The question really can be that easy and a bot still will not get it. Some bots will insert "yes" or "no" into a box, so don't ask any yes or no questions. And a few might look for arithmetic expressions, so "1+1=" might not be the best choice. But anything that you make up will not be in the repertoire of a bot.

Of course, if you want to go all out, here is my favorite of all time, a real CAPTCHA from a science oriented forum

[snoopy_virtual]

Of course, if you want to go all out, here is my favorite of all time, a real CAPTCHA from a science oriented forum

But that's too easy.
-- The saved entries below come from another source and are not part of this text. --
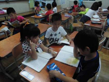 国語科「ゆうやけ」の音読練習をしました。いよいよ明日がグループごとの音読発表会をする日です。子どもたちは,グループ内で話し合いをして役割分担をし,音読練習をしていました。動きをつけたり,音読の仕方を工夫したりしてにこにこと練習している様子を見ると,明日の音読発表会が楽しみです。
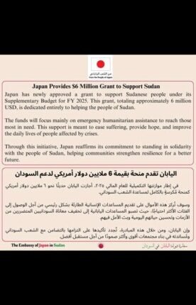 قررت الحكومة اليابانية تقديم منحة للعون الإنساني للسودان بقيمة 6 ملايين دولار.
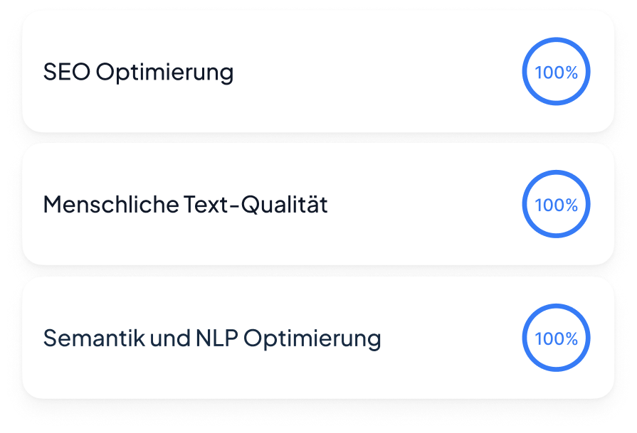 Nach mehr als 2.500 erstellen Texten mit Top Rankings für unsere Kundenprojekte sowie eigene Plattformen können wir mit breiter Brust sagen, dass wir im DACH Raum einer der Tools mit dem qualitiv höchsten Output entwickelt haben.
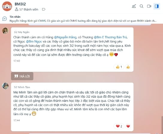 “Bên cạnh các giải pháp cô đưa ra, cũng như những phương pháp các bố mẹ đã chia sẻ, cô tin các phụ huynh cũng sẽ có những cách làm riêng để hỗ trợ các con. Và một điều quan trọng cô muốn chia sẻ với bố mẹ, nhất là trong mùa dịch này. Đó là: Cha mẹ bình an mới lan tỏa được sự bình an. Chúng ta cũng sẽ cố gắng nuôi dưỡng, tìm sự bình an cho bản thân mình, từ đó các con và những người thân trong gia đình cũng sẽ bình an. Chúc cho dịch bệnh qua mau để mọi thứ trở về đúng quỹ đạo của cuộc sống, và cô trò chúng ta lại được hội ngộ, hạnh phúc mỗi ngày dưới mái trường Ban Mai”. – Cô giáo Vân Hường bày tỏ.
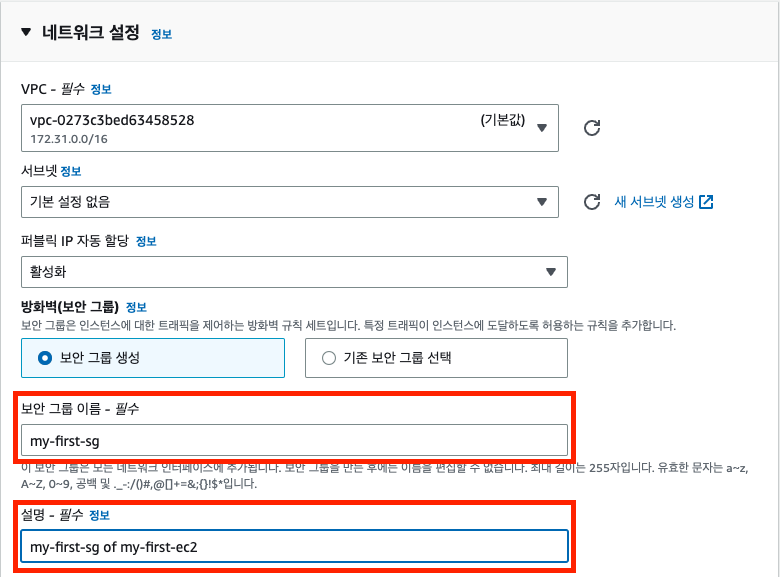 편집 시, 아래 정보들을 편집할 수 있게 됩니다. 다른건 다 기본값을 사용하고 "보안 그룹 이름"과 "설명" 만 작성해줍니다.
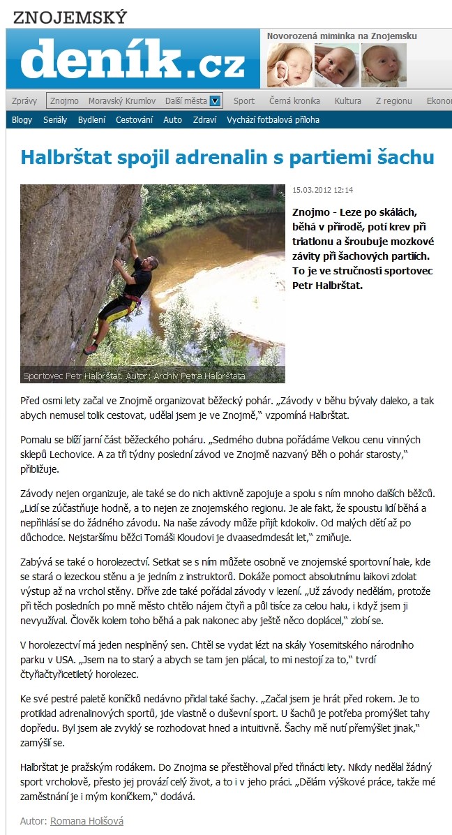 ZR: 2012-03-12 Halbrštat spojil adrenalin s partiemi šachu
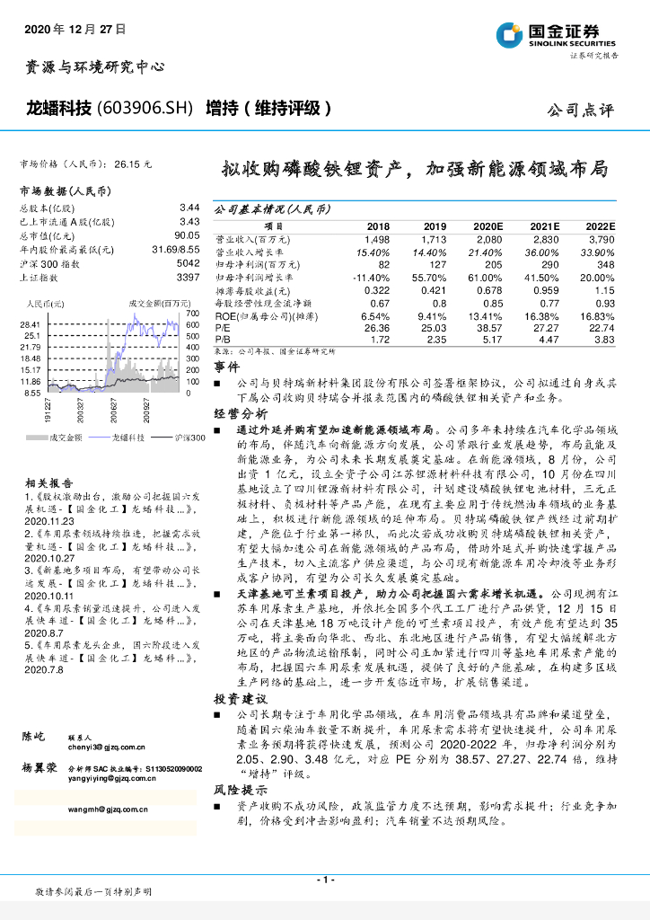 国金证券:龙蟠科技(603906)-拟收购磷酸铁锂资产,加强新能源领域布局.pdf
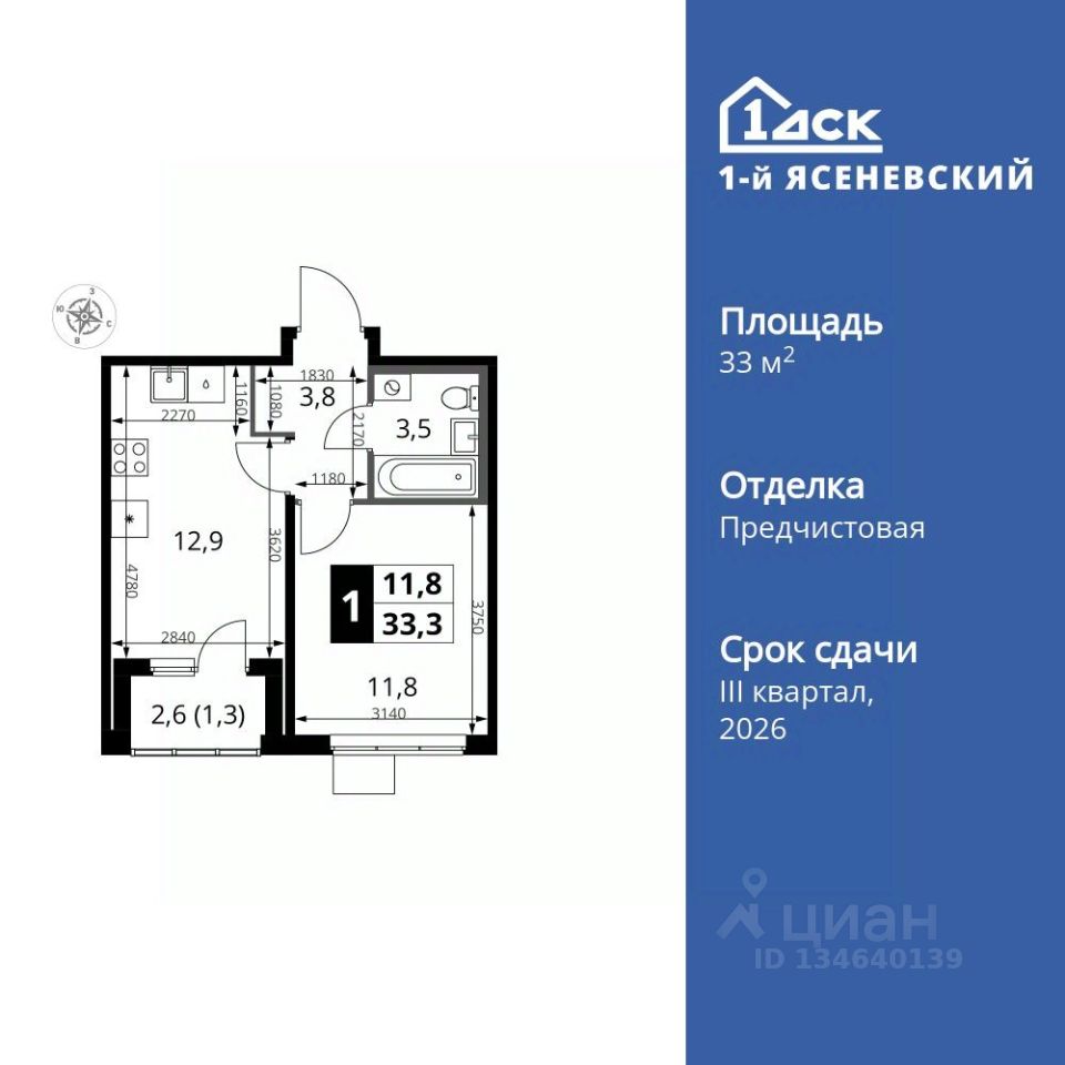 Продаётся 1-к квартира номер 328 общей площадью 33.3 кв.м. на 18-м этаже 18 этажного здания. Отделка Whitebox.

A = 3

[bugstomper]

But that's too easy. A = 3

It looks like you forgot to multiply by the constant coefficients of x when you did the chain rule. The answer is 14. I've never see a spam bot that got the chain rule right either

[snoopy_virtual]

What you're talking about:

I cannot write it properly here because there is no Latex, but let's just write "pi" like "n" and see if I can write it more or less in a way that can be understood:

A = d/dx [7 * sin (6 * x) + 4 * cos (7 * x + n / 2)] | _x=2n =
   = 7 * d/dx [sin (6 * x)] + 4 * d/dx [cos (7 * x + n / 2)] | _x=2n =
   = 7 *     cos (6 * x)      -  4 *      sin (7 * x + n / 2) | _x=2n

Now. When x=2n we have:

A =  7 * cos (12 * n) -  4 * sin (14 * n + n / 2)

But  cos (12 * n) = 1  because 12 times pi is the same than 6 full circles of 360º each so:
cos (12 * n) = cos (6 * 360º) = cos (0º) = 1

And for the same reason:
sin (14 * n + n / 2) = sin (n / 2) = sin (90º) = 1

So we have:

A =  7 * 1 -  4 * 1 = 7 - 4 = 3
QED
 

[butchs]

It looks like you forgot to multiply by the constant coefficients of x when you did the chain rule. The answer is 14. I've never see a spam bot that got the chain rule right either

Awe, Snoopy is not a spammer.  Or is he?? 

[busterone]

He he.   
I would fail myself.  I haven't had to do any higher mathematics for about 30 years now. I forgot most of it since my school years. I never needed it in the real world, so it slipped right away. 

[bugstomper]

A = d/dx [7 * sin (6 * x) + 4 * cos (7 * x + n / 2)] | _x=2n =
   = 7 * d/dx [sin (6 * x)] + 4 * d/dx [cos (7 * x + n / 2)] | _x=2n =

Yes, I did guess exactly where your error was. The chain rule says

  d u(v(x)) / dx =  (du/dv) * (dv/dx)

Applying that to the derivative of sin(6x)

let f(x) = sin(6x)
let u(v) = sin(v)
let v(x) = 6x

so f(x) = u(v(x))

du(v)/dv = d(sin(v))/dv = cos(v)
dv(x)/dx = d(6x)/dx = 6

By the chain rule
  d(sin(6x))/dx
= df(x)/dx  = du/dv * dv/dx
= cos(v) * 6
= cos(6x) * 6
= 6*cos(6x)

You missed a similar factor of 7 in the derivative of cos(7x+pi/2)

So the answer comes out to be 6*7 - 7*4 instead of 7 - 4

[snoopy_virtual]

You are right.

I did the calculation in my head too quickly when I saw it was so easy and did it wrong.

Actually when I was writing it there trying to explain it I had the feeling it was wrong, but it's difficult to read maths properly without proper formatting, so a minute ago I went to look for a pen and paper (to do it properly) and just found out the answer was 14 almost at the same time I saw there was a new message here. 

[snoopy_virtual]

He he.   
I would fail myself.  I haven't had to do any higher mathematics for about 30 years now. I forgot most of it since my school years. I never needed it in the real world, so it slipped right away. 

Cammon, you call that "higher mathematics"? That's what we used to do at school when I was 14. You should see then what we used to do in the last year of the University. 

Of course the names we were using were different. For example I have never called that "chain rule" but "la derivada de una función de función" (the derivative of a function of a function). The result is the same though.